Abstract:
With the accelerated development of new domains and capabilities, the design of novel reactors has become increasingly diverse. Constrained by application environments, compact core structures are required for space reactors and underwater unmanned vehicles (UUV). Correspondingly, the heterogeneity of external control rods and fuel assemblies poses challenges to traditional reactor physics calculation methods. In the context of the two-step deterministic calculation scheme, the accuracy of core neutronics calculations is largely dictated by the precision of homogenized few-group cross-sections. This study investigates complex assembly cross-section generation methods based on the advanced reactor neutronics analysis program system, SARAX. The SARAX system consists of the cross-section generation module TULIP and the core calculation module LAVENDER. Building upon the existing calculation algorithms of the cross-section generation code TULIP, a two-dimensional assembly fine modeling function was developed.
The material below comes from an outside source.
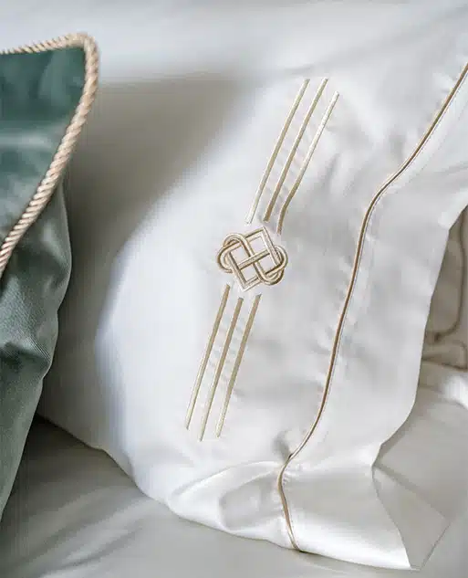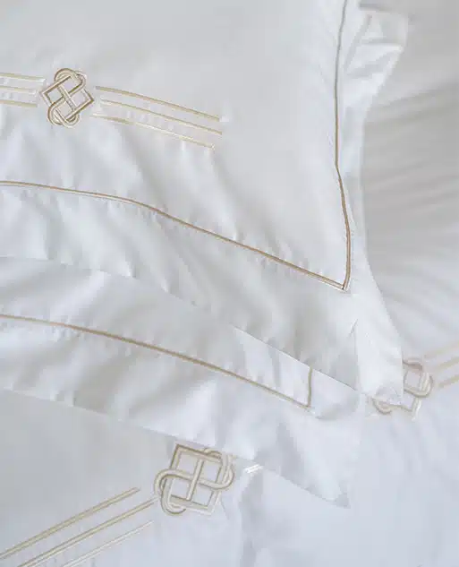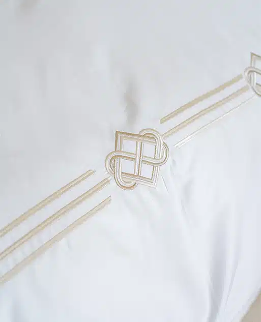 The Champagne Line Embroidery Set is a study in understated elegance.

Resonance self-shielding calculations were performed using the ultra-fine group method featuring a 1 968 group energy structure. Background cross-sections were calculated using the embedded self-shielding method (ESSM) coupled with a method of characteristics (MOC) fixed-source solver. Neutron transport calculations were performed using the MOC solver to obtain neutron flux distributions of various angular orders. Subsequently, spatial homogenization and energy group condensation were executed based on the 1 968 group neutron spectrum to generate few-group cross-sections for core calculations. A specific heat pipe reactor (HPR) scheme was selected as an example to validate the proposed method against continuous energy Monte Carlo reference solutions. This HPR scheme featured a square lattice arrangement of fuel pins and heat pipes, incorporating ex-core control systems. Since this reactor core assemblies could not be equivalently modeled as one-dimensional rings, two-dimensional assembly codes were required for detailed modeling. Numerical results demonstrate that the deviation in the assembly infinite multiplication factor (
kinf) calculated using the new few-group cross-sections remains within 200 pcm compared to the Monte Carlo code, while the deviation in the core effective multiplication factor (
keff) is −243 pcm. Regarding the reactivity worth of the two control systems in the heat pipe reactor, the safety rod worth exhibits a −2.36% relative deviation from the reference solution, and the sliding reflector worth shows a −0.31% relative deviation. The computational accuracy demonstrates excellent agreement with the Monte Carlo code. Furthermore, over a 5 years reactor core life, the deviation in core
keff remains within a stable range as burnup depth increases. Additionally, a comparative analysis of computational accuracy and efficiency is conducted between the ESSM and the improved Tone’s method. While maintaining computational accuracy, the resonance calculation efficiency of the few-group cross-section generation method based on the ESSM with ultra-fine group is enhanced by a factor of three compared to the improved Tone’s method.